(Collected data entries)

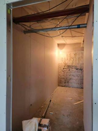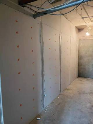 木作石膏板隔墙,已经完工。目前对螺丝钉,进行防锈处理。
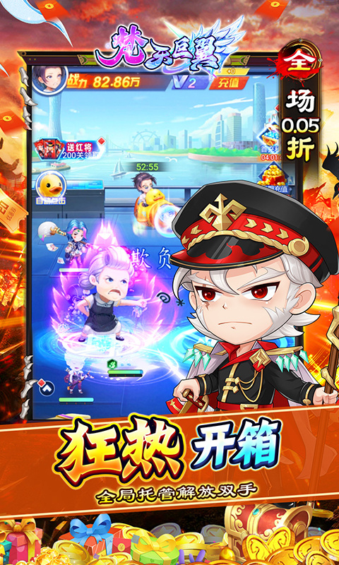 梵天巨翼折扣版是一款三国乱斗放置卡牌开箱游戏,内置无限充值卡、代充卷,全场礼包0.05折,创角领取666钻石、高级招募*5、钞票6666礼包。
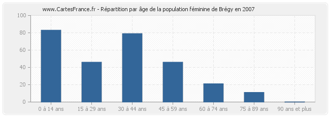 Répartition de la population féminine de Brégy par âge en 2007 :
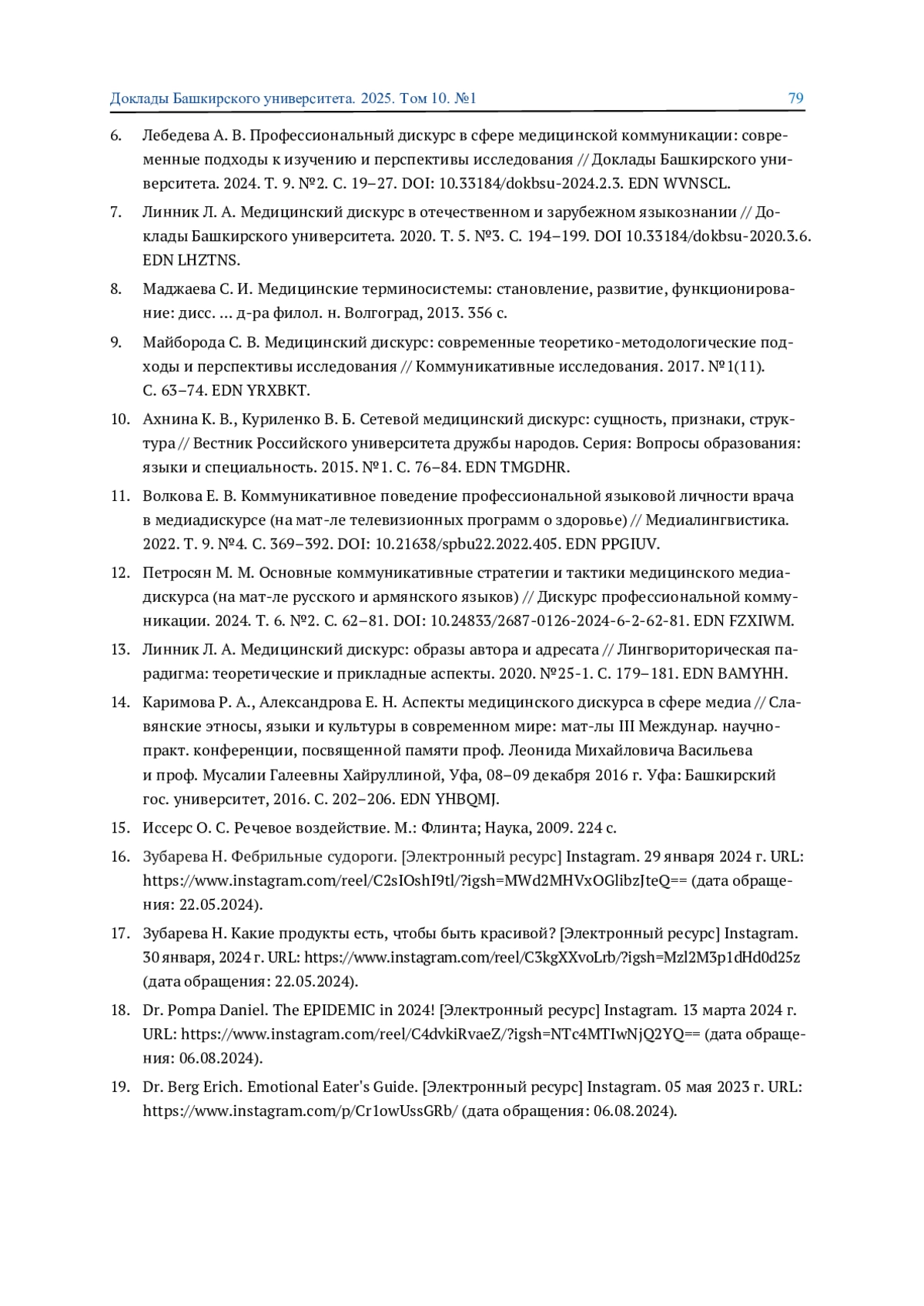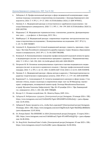 6. Лебедева А. В. Профессиональный дискурс в сфере медицинской коммуникации: современные подходы к изучению и перспективы исследования // Доклады Башкирского университета. 2024. Т. 9. №2. С. 19-27. DOI: 10.33184/dokbsu-2024.2.3 EDN: WVNSCL
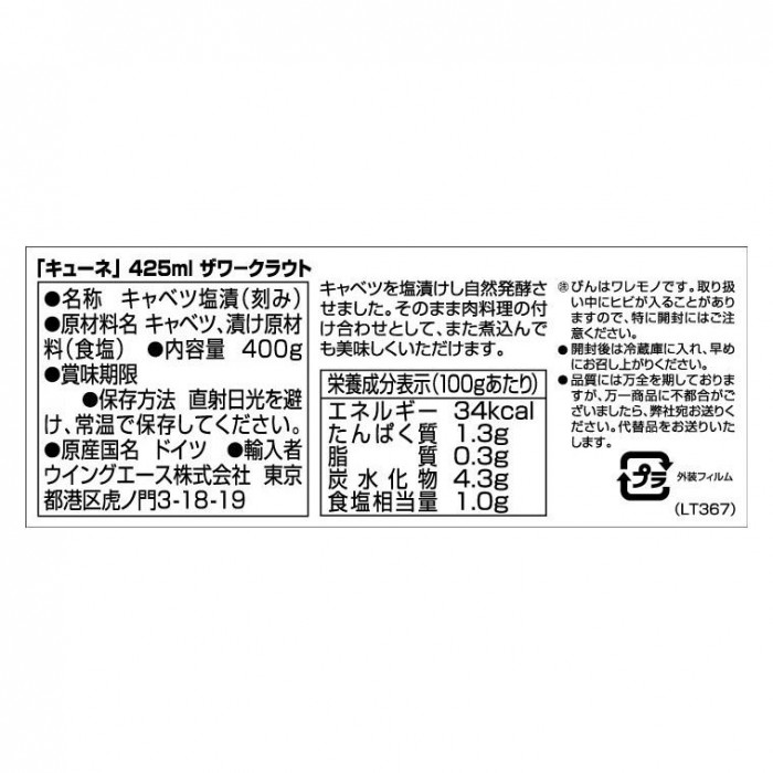 キューネ ザワークラウト 425ml 6個セット 053015
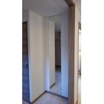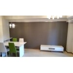 「新築マンションの購入にあたり、アレンジを加えたい」とのこと。リビング、洋室、玄関のニッチとトイレにアクセントクロスの施工。キッチンにはカップボードの設置。ミラーとピクチャーレールも取付けしたいとご要望をいただきました。
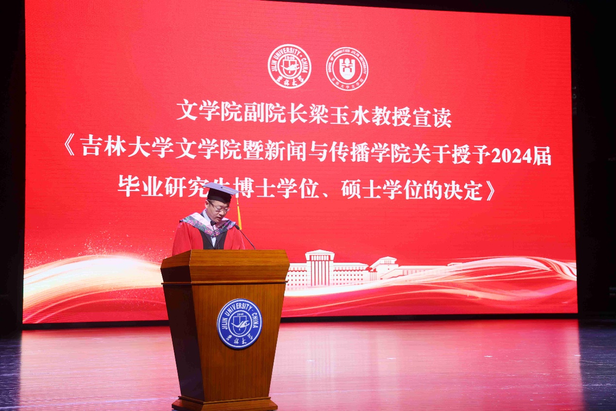 接着,3377官方网站_3377(中国)副院长梁玉水教授宣读了《3377官方网站_3377(中国)暨新闻与传播学院关于授予2024届毕业研究生博士学位、硕士学位的决定》,3377官方网站_3377(中国)副院长马卫东教授宣读了《3377官方网站_3377(中国)暨新闻与传播学院关于授予2024届本科毕业生学士学位的决定》,主礼教授为全体获得学位的学生拨穗。学位帽的流苏轻轻拨过,不仅标志着一段学习旅程的圆满落幕,也意味着人生新阶段的启航。
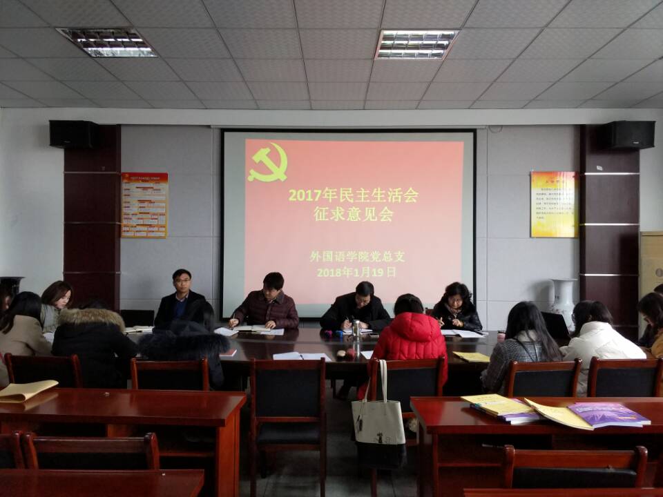 随后,举行了学院党总支就2017名民主生活会征求意见。与会党员结合2017年外国语学院党总支建设、发展等方面提出了很多建设性的建议和意见,同时指出工作中存在的不足。
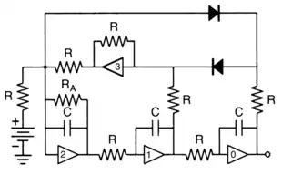 In the above circuit, all resistors are of equal value, except , and all capacitors are of equal size. The dominant frequency is . The output of op amp 0 will correspond to the x variable, the output of 1 corresponds to the first derivative of x and the output of 2 corresponds to the second derivative.

**ACTIVITY**
Word for word, restate the records shown above, minus the pictures.

**WORKED SOLUTION**
 木作石膏板隔墙,已经完工。目前对螺丝钉,进行防锈处理。
 梵天巨翼折扣版是一款三国乱斗放置卡牌开箱游戏,内置无限充值卡、代充卷,全场礼包0.05折,创角领取666钻石、高级招募*5、钞票6666礼包。
 Répartition de la population féminine de Brégy par âge en 2007 :
 6. Лебедева А. В. Профессиональный дискурс в сфере медицинской коммуникации: современные подходы к изучению и перспективы исследования // Доклады Башкирского университета. 2024. Т. 9. №2. С. 19-27. DOI: 10.33184/dokbsu-2024.2.3 EDN: WVNSCL
 キューネ ザワークラウト 425ml 6個セット 053015
 「新築マンションの購入にあたり、アレンジを加えたい」とのこと。リビング、洋室、玄関のニッチとトイレにアクセントクロスの施工。キッチンにはカップボードの設置。ミラーとピクチャーレールも取付けしたいとご要望をいただきました。
 接着,3377官方网站_3377(中国)副院长梁玉水教授宣读了《3377官方网站_3377(中国)暨新闻与传播学院关于授予2024届毕业研究生博士学位、硕士学位的决定》,3377官方网站_3377(中国)副院长马卫东教授宣读了《3377官方网站_3377(中国)暨新闻与传播学院关于授予2024届本科毕业生学士学位的决定》,主礼教授为全体获得学位的学生拨穗。学位帽的流苏轻轻拨过,不仅标志着一段学习旅程的圆满落幕,也意味着人生新阶段的启航。
 随后,举行了学院党总支就2017名民主生活会征求意见。与会党员结合2017年外国语学院党总支建设、发展等方面提出了很多建设性的建议和意见,同时指出工作中存在的不足。
 In the above circuit, all resistors are of equal value, except , and all capacitors are of equal size. The dominant frequency is . The output of op amp 0 will correspond to the x variable, the output of 1 corresponds to the first derivative of x and the output of 2 corresponds to the second derivative.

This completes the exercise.